‘If it sounds too good to be true, it probably is:’ Warning over holiday fraud scam
PUBLISHED: 10:25 25 February 2019
Police have issued a warning following a spate of cold calls from fraudsters claiming to be from travel companies.
A post on the Halesworth Police Facebook page has urged people to be “wary of unsolicited calls, emails and texts” which are offering “questionably good” deals on flights.
A police spokesman said: “Victims are being cold called by fraudsters purporting to be travel companies.
“However fraudsters in these cases are using new tactics to gain the victim’s trust.
“Intelligence suggests they appear to know that the victim has recently been searching to book flights online.
“It is suspected that this is because the victim has provided their contact details when making a search for flights on a bogus website which records their personal details.
“Once contacted, the victim wrongly believes the call to be genuine and a deliberately low quote for the desired flights tempts many victims into making payment.
“After having made a payment for flights as a result of the call, victims have reported receiving a confirmation email but further enquiries with the airline have revealed their booking does not exist. When victims have attempted to re-contact the suspect they have found that all contact has been severed.”

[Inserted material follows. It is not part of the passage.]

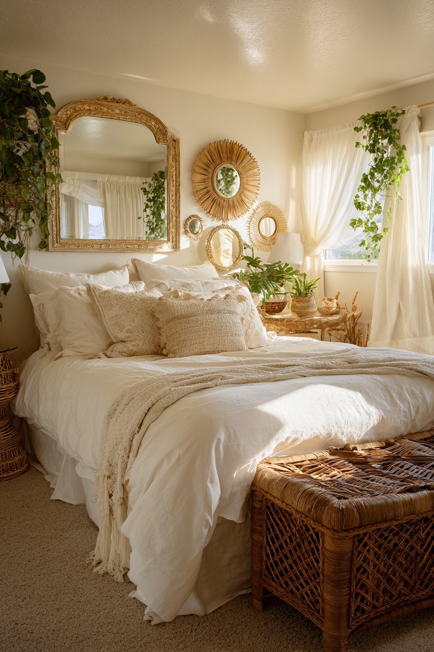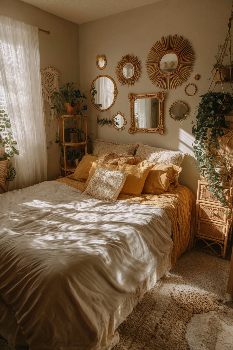 3. Vintage Mirror Gallery Wall in Bohemian Bedroom

The spokesman added: “Halesworth Police is urging people to be wary of unsolicited calls, emails and texts offering questionably good deals on flights. “Remember, if it sounds too good to be true, it probably is.

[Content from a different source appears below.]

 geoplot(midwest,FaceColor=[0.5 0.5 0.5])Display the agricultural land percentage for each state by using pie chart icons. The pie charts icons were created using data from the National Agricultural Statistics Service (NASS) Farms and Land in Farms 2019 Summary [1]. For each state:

“If you’re purchasing tickets from a company you don’t know and trust, carry out some research first, such as searching the company’s name on the ABTA and ATOL databases. You can also ask friends or family for advice before you make a purchase.
“Avoid paying for tickets by bank transfer as it offers you little protection if you become a victim of fraud. Instead, use a credit card or payment services such as PayPal.
“Never reveal any personal or financial details as a result of an unsolicited call, email or text. Even if someone knows your basic details (such as your name and contact details), it doesn’t mean they are genuine.”